Шрифт:
Интервал:
Закладка:
Когда об этом было доложено князю Алексею Григорьевичу Долгорукову, он приказал дать знать Ветлову, что ему разрешено повидаться с осуждённым, и, не доверяя своим клевретам, сам присутствовал при свидании друзей перед вечной разлукой.
В кратких словах Пётр Филиппович поручил своему молодому другу свою маленькую семью, а также всё своё состояние, причём выразил желание, чтобы Ветлов увёз Лизавету с мальчиком в Лебедино, подальше от света.
— Не приказываю я вам этого, а только советую, предоставляя на вашу волю сделать так, как будете считать лучше...
А затем, обращаясь к стоявшему в тёмном углу подземелья, служившего ему местом заключения, князю, прибавил с низким поклоном:
— И тебя, князь, прошу за жену мою и за сына: да не отразится твой гнев на невинных.
На это князь ничего не ответил ему, но, повернувшись к Ветлову, произнёс торжественно:
— Всегда, во всякое время и за всякими нуждами обращайся ко мне. А теперь иди себе с Богом, тебе здесь больше делать нечего.
— Спасибо, князь, — проговорил твёрдым голосом Праксин и, крепко обняв Ивана Васильевича, повторил ему сказанное князем:
— Иди себе с Богом, тебе здесь делать больше нечего.
Всё это передал Ветлов Лизавете, которая, выслушав его, упала на колени перед образами и сотворила первую молитву за упокой души мужа. Долго молилась она со слезами и рыданиями и, когда наконец кончила и хотела подняться, увидела, что Ветлов стоит на коленях позади неё и тоже обливается горючими слезами об общем их друге.
Всегда расположена она была к нему, всегда доверяла ему больше всех на свете, но в эту минуту только поняла, как много значит для неё этот человек, и мысленно поблагодарила мужа за то, что он оставил её на попечение такого покровителя, как Иван Васильевич.

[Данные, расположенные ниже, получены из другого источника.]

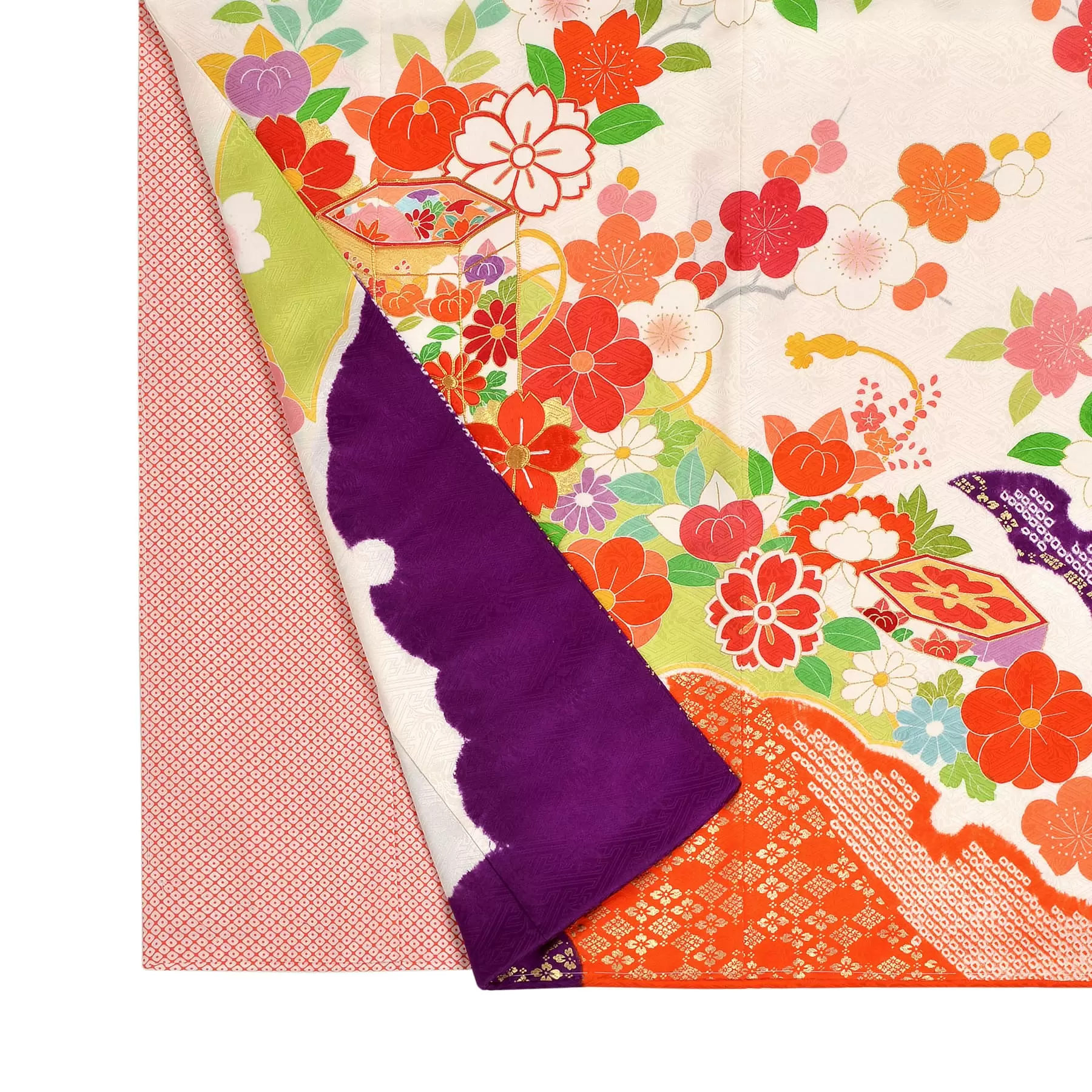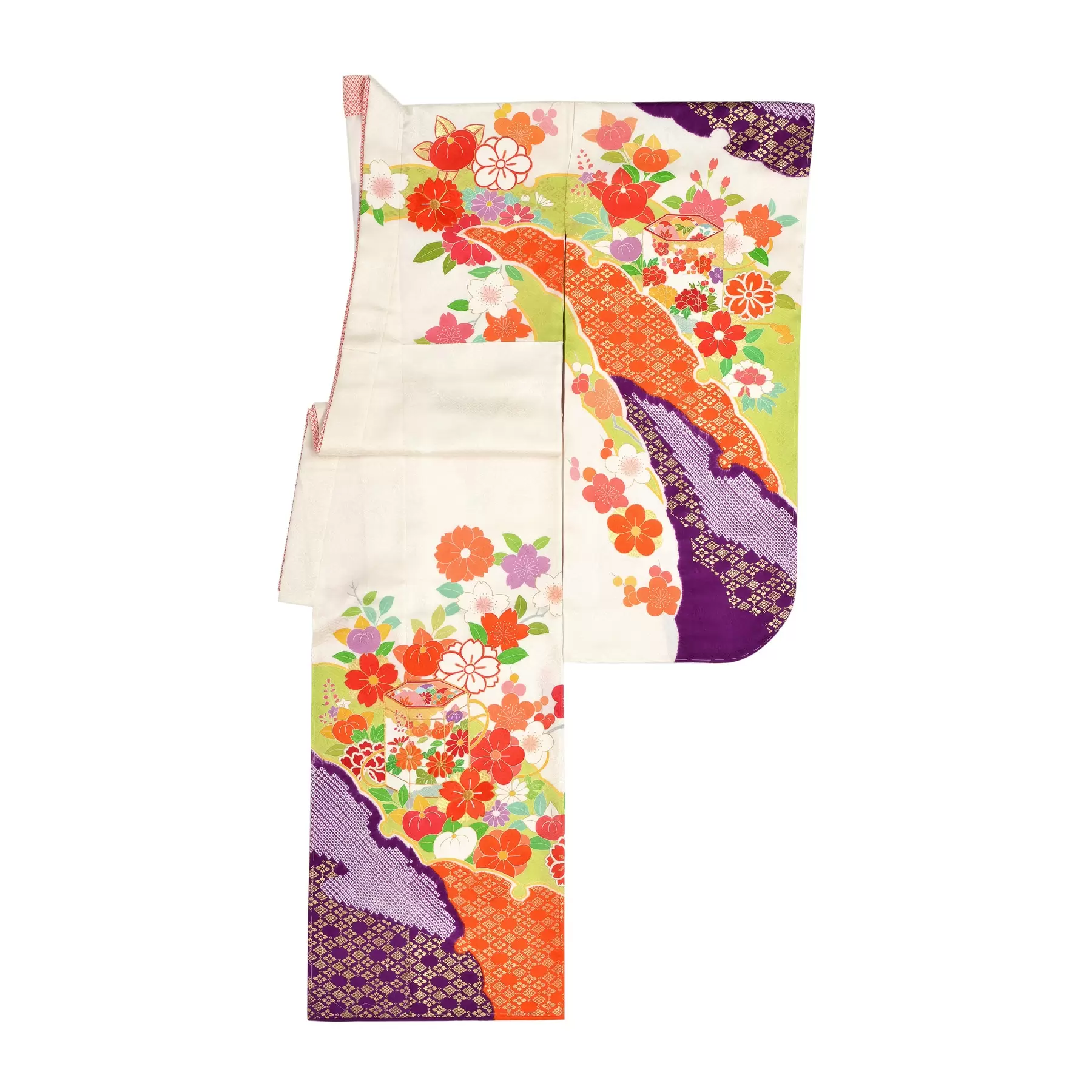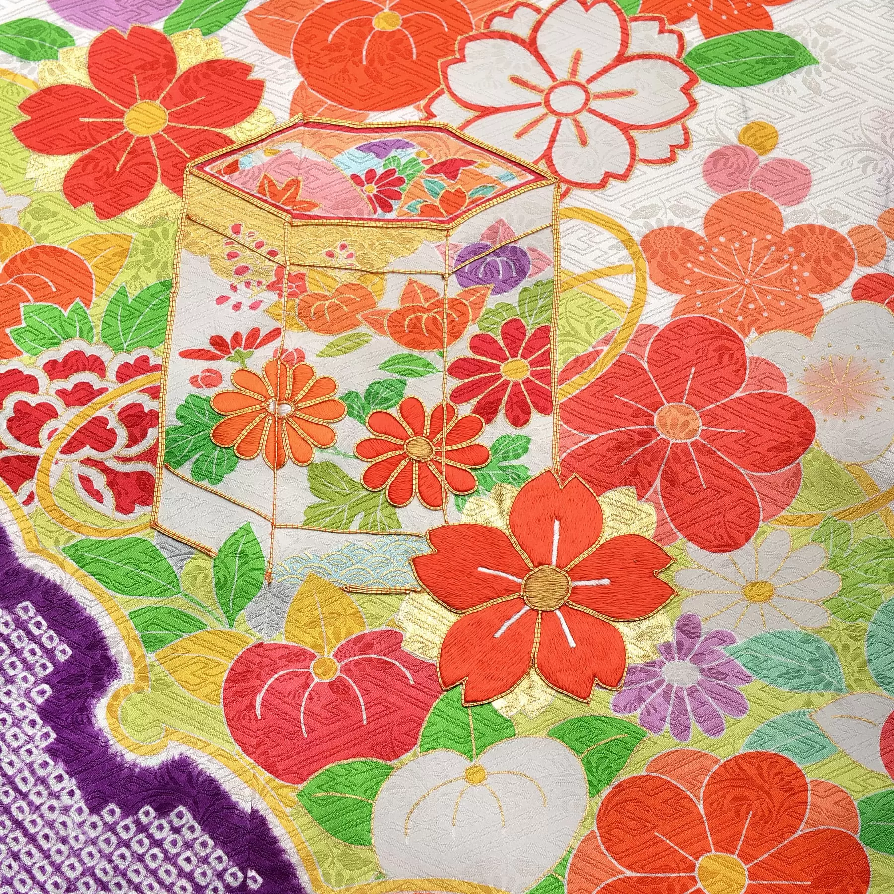 白の地色に浮かび上がる色鮮やかに重なり合う雪輪の向こうに見えるのは、自然の花々が広がる華やかな世界。良縁に恵まれる吉祥文様の貝桶が、これからの成長を見守ってくれています。雪輪に使われている桶出し絞りと小紋箔が華やかさを演出してくれる、重厚感のある一枚です。

За год, проведённый при дворе, Лизавета близко познакомилась с жизнью, полной опасностей, которую здесь все вели, начиная от высших и кончая низшими; после ночи, проведённой без сна, в раздумье, она обратилась к Мавре Егоровне за советом насчёт своей будущей жизни. Пришла она к ней чуть свет, но застала её уже вставшей и в большом расстройстве: царём так овладели Долгоруковы, что он видимо отдаляется от сестры и тётки. Великая княжна заболела от огорчения, а он, чем бы ей ласку оказать, даже о здоровье её ни разу не справился в продолжение целой недели, а когда вчера ему доложили о том, что цесаревна, извиняясь спешным делом, вызвавшим её в деревню, не может быть на его вечеринке, он не только не выказал ни малейшего сожаления, но даже как будто этому обрадовался. Но это было не всё: опять получено графом Остерманом письмо от принца Морица с возобновлением брачного предложения цесаревне, и, когда царю про это доложили, он сказал: «И чего только тётушка ждёт, чтобы выходить замуж? Будет выбирать женихов, так в старых девках останется».
Передавая это Лизавете, Мавра Егоровна плакала: так ей было жаль свою госпожу и страшно за неё.
— Начнут её теперь нудить всячески, чтобы приняла предложение Морица, а она без ума от нового своего дружка и дерзостно откажется, да ещё, может быть, так вспылит, что лишнее наговорит новым правителям государства, а эти на всё пойдут, чтобы от неё избавиться... Поверишь ли, Касимовна, намедни, как прислали сластей сюда от царя, я дрожмя дрожала, чтобы не было в них отравы. Долго ли подсыпать какого-нибудь зелья в еду или питьё? От Долгоруковых всего можно ожидать. Ох, Касимовна! Не надо было нам торопиться Меншиковых губить — наказывает нас за них Господь, да и не за них только!..
На что Долгоруковы были способны, Лизавета знала лучше, чем кто-либо, но она не прерывала свою собеседницу, а терпеливо ждала, чтобы та высказала ей всё, что у неё было на душе. О себе успеет она ей сказать: её горе вековое, до гробовой доски будет она помнить друга и жить по его завещанию. Он это знал, умирая, и потому ничего не приказывал ей через Ветлова такого, что могло бы стеснить её, насиловать её волю. Знал он, что не отступит она ни в чём от того, что и сам бы он приказал ей делать, если бы был жив. Поместил он её к цесаревне, и теперь не время её покидать. Каждое слово, произносимое Шуваловой, убеждало её в этом. Что тут рассуждать да советоваться, надо по совести поступать, вот и всё.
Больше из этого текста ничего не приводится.